Enhanced Modulation Dynamic Performance of Optically-Injected Widely-Tunable Semiconductor Lasers

This dissertation is devoted to a comprehensive theoretical and modelling study of dynamic modulation characteristics of semiconductor wide-wavelength tunable laser diodes (TLDs). The two major goals were to investigate how modulation properties of a TLD depend on the wavelength tuning, and how the modulation performance of a TLD can be enhanced in terms of the achievable speed and improved frequency chirping behaviour under the direct modulation regimes using external light for optical injection-locking (OIL). It is demonstrated that modulation performance of free running (FR) widely tunable lasers strongly depends on the tuned lasing wavelength. The relaxation oscillation frequency (ROF) of FR TLD increases from 2.2 GHz to 5.5 GHz with tuning. The main results of investigation of modulation dynamics of OIL TLDs include demonstration of substantial (up to an order of magnitude) increase of the ROF and the modulation bandwidth in comparison with the FR regime and investigation of dependence of ROF on the wavelength tuning. The ROF increases to 24 GHz. We prove that the ROF of the OIL TLD is defined by the difference between the injected master laser’s light frequency and the cavity shifted mode frequency. The latter non-lasing mode has been identified as corresponding to the amplified spontaneous emission and was clearly reproduced in CW spectra of a steady-state OIL TLD. This finding has important practical implications as it allows to directly relating the CW lasing spectra fine features with dynamic performance of the OIL TLDs.
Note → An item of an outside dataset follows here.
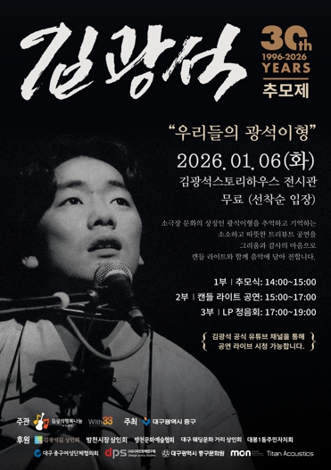 [경북도민방송=손중모 기자]대구 중구는 1월 6일 오후 2시 한국 대중음악사에 큰 발자취를 남긴 故 김광석의 30주기를 맞아 추모행사를 개최한다.이번 추모제는 김광석스토리하우스에서 열리며, 유튜브 생중계를 병행해 시민들과 함께하는 비대면 추모의 장으로 마련된다.행사는 오후 2시 추모식을 시작으로 오후 2시 30분부터 추모 공연이 이어진다. 공연에는 첼리스트 채송아, 기타리스트 겸 싱어송라이터 김성준, 소프라노 심규연 등이 참여해 김광석이 남긴 명곡들을 재해석한 추모의 무대를 선보일 예정이다. 이와 함께 김광석 30주기 추모 ‘김광석 노래 이야기 & 인생 이야기’ LP 연주가 진행돼 깊은 울림을 전한다.태성길 (사)김광석행복나눔 이사장은 “30주기를 맞아 화려한 무대보다 김광석의 노래가 지닌 위로와 온기를 담아내고자 했다”며 “그의 노래가 여전히 우리 곁에 살아 있음을 함께 느끼는 시간이 되길 바란다”고 말했다.류규하 중구청장은 “김광석 30주기는 그의 음악이 세대와 시간을 넘어 지금도 많은 이들의 마음에 닿아 있음을 돌아보는 자리”라며 “앞으로도 김광석의 음악적 가치와 예술정신이 문화 콘텐츠로 이어질 수 있도록 노력하겠다”고 말했다.한편, 이날 김광석 전시기념관인 김광석스토리하우스(동덕로8길 14-3)는 무료 개방돼, 시민 누구나 김광석을 기리는 추모행사에 동참할 수 있다.
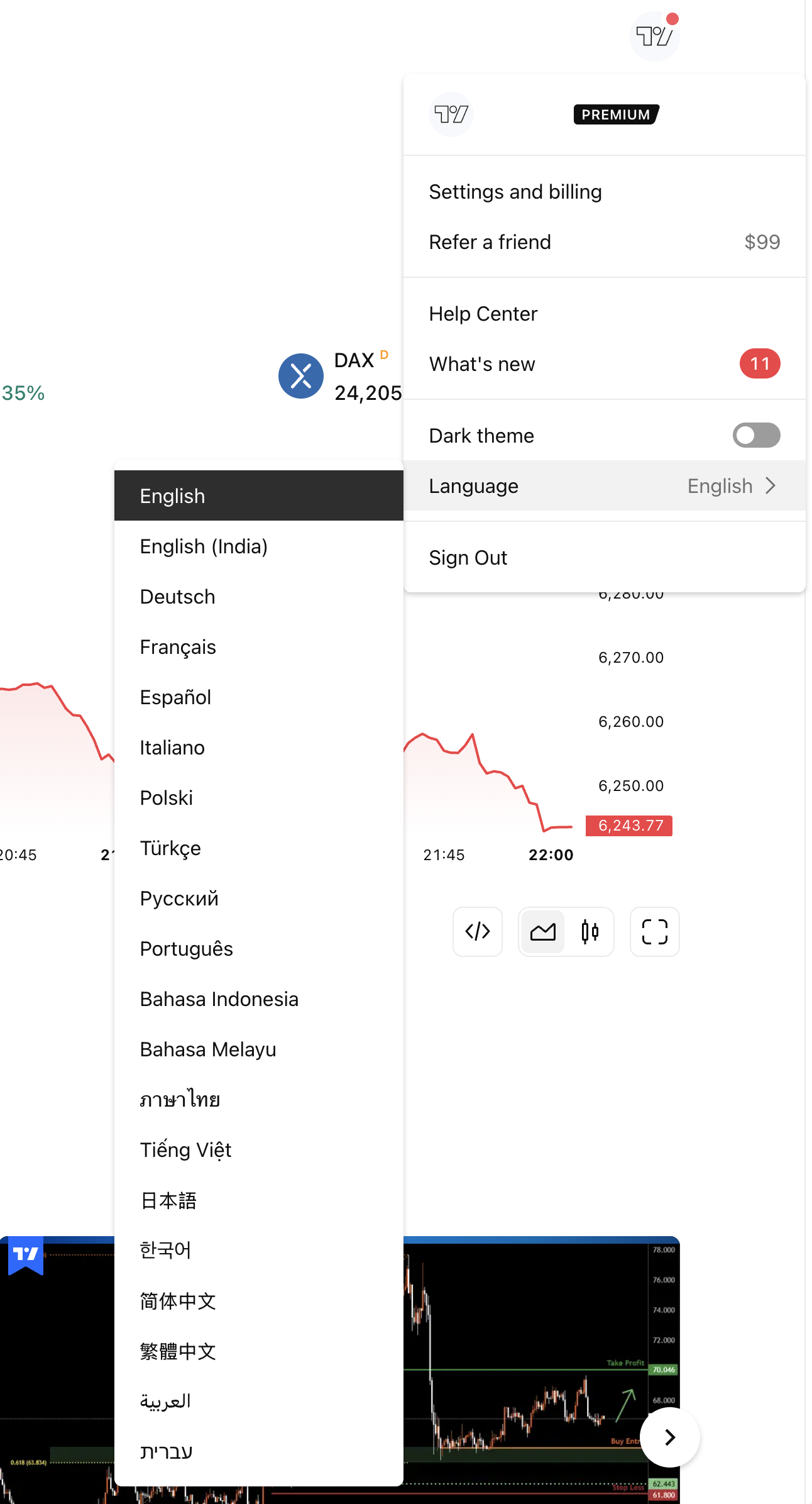Anda boleh bertukar antara versi bahasa (tempatan) TradingView di menu pengguna.

Important results were obtained for case of large-signal modulation of the OIL TLD and for a large frequency detuning for side-mode optical injection regime when the master laser’s light is injected near the side-mode of FR TLD with large SMSR. Direct large-signal modulation of the OIL TLD using pseudo-random bit sequence shows superior performance in terms of enhanced modulation speed.